Во-первых, Фриц Перлз оказался гештальттерапевтом совершенно случайно. И вообще это направление было обозначено как гештальттерапия совершенно случайно. Этот случай был связан в основном с тем, что его жена, Лора Перлз была гештальтпсихологом. Сам-то он гештальтпсихологом не был и в этом смысле все психологическое содержание его не настолько сильно волновало: все эти разборки между ассоционистами и последующими гештальтистами – его не очень беспокоили. Собственно само название "гештальттерапия" возникло намного позже, чем возникло это направление, которое вначале было названо Фрицем Перлзом концентрационной терапией. От термина "концентрация внимания", то есть с тем, чтобы помогать людям концентрировать внимание на каких-то важных элементах своей жизни, того, что происходит с ними. Поэтому говорить о том, что Фриц Перлз буквально с момента знакомства с гештальтпсихологией был так ею очарован, что долгое время думал, как бы ее употребить для психотерапии, это неверно. Эта форма была найдена потом. То, что было вначале в области гештальттерапии – это прямое развитие психоанализа. Собственно, наверное, это и есть та реальность, которая существует и сейчас в отношении гештальта и психоанализа, что те войны, которые были в 60-х по поводу того, что психоанализ – это совсем гештальттерапия и так далее. В общем, сейчас внутри психоанализа различия между разными системами гораздо больше, чем различия между гештальтподходом и классическим психоанализом. Все они занимались критикой классического психоанализа. Это можно найти и у Юнга, и у Фромма, и у Адлера, и если вы хорошо знаете работы Фрейда, кого он обозначал, как не психоаналитиков уж точно ни в коем случае, как раз перечисленных лиц, которые являются психоаналитиками. В общем, это скорее традиция – не считаться психоаналитиками. Хотя сама по себе деятельность очень похожа. Она конечно не похожа на классический психоанализ. Кстати говоря, большинство работы психоаналитиков, сейчас, уж точно, не похоже на классический психоанализ. И первая книга Фрица Перлза как раз психоаналитическая. Потому что та форма, в которой было упакована психотерапевтическая деятельность, психоаналитическая форма, была очень сильной.

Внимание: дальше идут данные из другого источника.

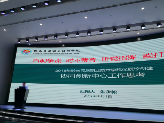 协同创新中心具有涉及人员广、科研基础好、产教融合深、科技产出高、人才培养强的特点,朱永毅书记从建设背景到建设过程中遇到的种种困难,以及如何破解难题,向大家做了深入讲解。最后讲述他对协同创新中心建设的思考:用他山之石、可以攻玉,直面问题、重点突破。也为构建黔南民族职业技术学院共同的精神家园,提倡教师要甘于奉献,学院顶层须构建好机制,创造好氛围,为创建优质高职院校共同努力奋斗。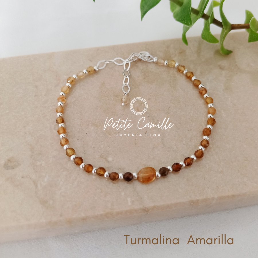 Pulsera con piedras naturales: Turmalinas amarillas, billas y terminales en plata 925.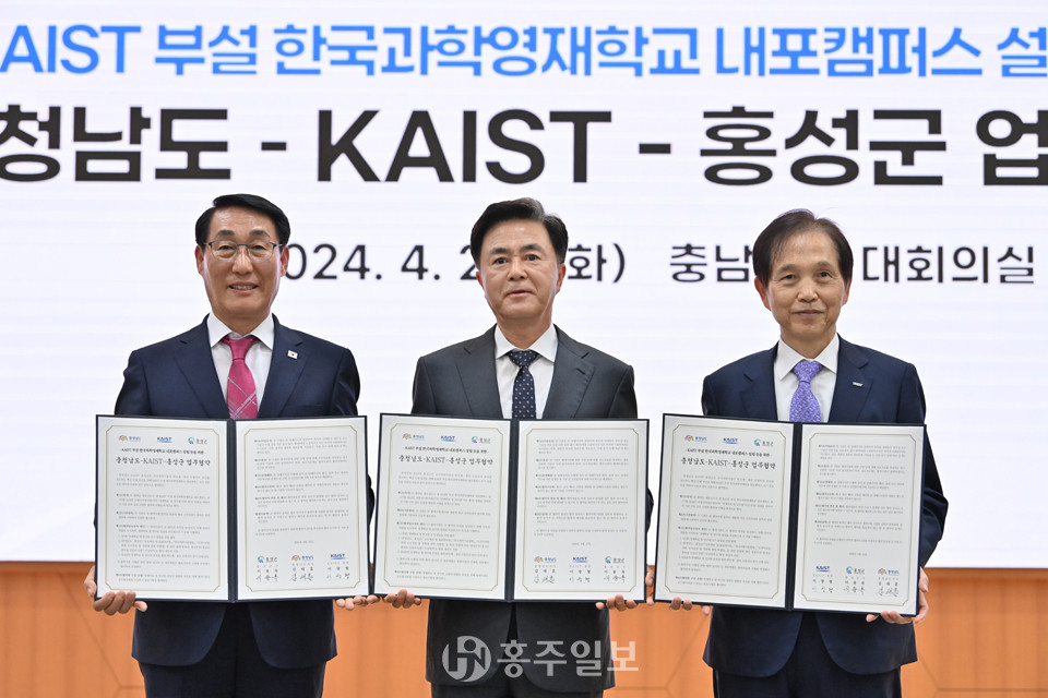 김태흠 충남지사와 이광형 KAIST 총장, 이용록 홍성군수는 지난 23일 도청 대회의실에서 ‘한국과학영재학교 내포캠퍼스 설립 등을 위한 업무협약’을 체결했다.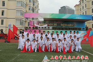 一遍遍辛苦的训练终于换来了在开幕式上,白衣红旗的同学们表演的大型团体操《成业乐园》以恢弘的气势、壮丽的场面展示了青年人的昂扬风貌,由于同学们的突出表现,开幕式后得到了菊园新区领导的高度赞扬,同学们用实际行动为学校争得了荣誉!

Как раз по поводу власти формы. Она (форма) обладает достаточно большой властью. И изменить это направление, то есть начать действовать как-то по-другому, было очень сложно, потому что было очень много разнообразных запретов: внутренних, формальных. И эти запреты у нас постоянно действуют в наших головах, потому что мы не можем между собой соотнести что-то одно и что-то другое. Например, в какой-то момент, когда я думал о соотнесении несоотносимых вещей, я сделал какой-то орнамент из свастик и красных звездочек. Очень красиво получилось. Вот только логически совместить их очень стремно – "Как же так? Как такое возможно?" А возможно. И в будущем окажется возможным точно. Потому что они были в одно и то же время. И поэтому потом точно все будет перемешано. И то, что касается нашей жизни – у нас тоже перемешивается масса вещей, которые некоторое время назад точно должны были быть совершенно раздельными. Например, когда мы наталкиваемся на какое-то ограничение. Какое-то время назад я для себя натолкнулся на такое ограничение и похоже, что не я один – на ограничение в понимании того, что такое гештальт. Что гештальт – это образ, форма – это мы все знаем, что Дао – это путь – тоже все знаем. На самом деле, и гештальт не совсем образ и не совсем форма, и Дао не совсем путь. А и то и другое обозначает форму в развитии. И в принципе немецкое слово "гештальт", я предполагаю, что оно китайское, хотя не настолько хорошо знаю китайскую культуру слова "Дао". Очень может быть, что китайцы стали отрицать и утверждали бы, что это еще какое-то слово. В принципе, обозначает одно и то же, один и тот же эффект, а именно развивающуюся форму. То есть что-то в развитии, какую-то фигуру в развитии. И вот эта фигура в развитии перемещается, размещается, движется и есть какой-то момент, когда она зарождается, и когда она заканчивается. И когда она заканчивается, наступает следующий период, пауза для того, чтобы возникла какая-то следующая фигура.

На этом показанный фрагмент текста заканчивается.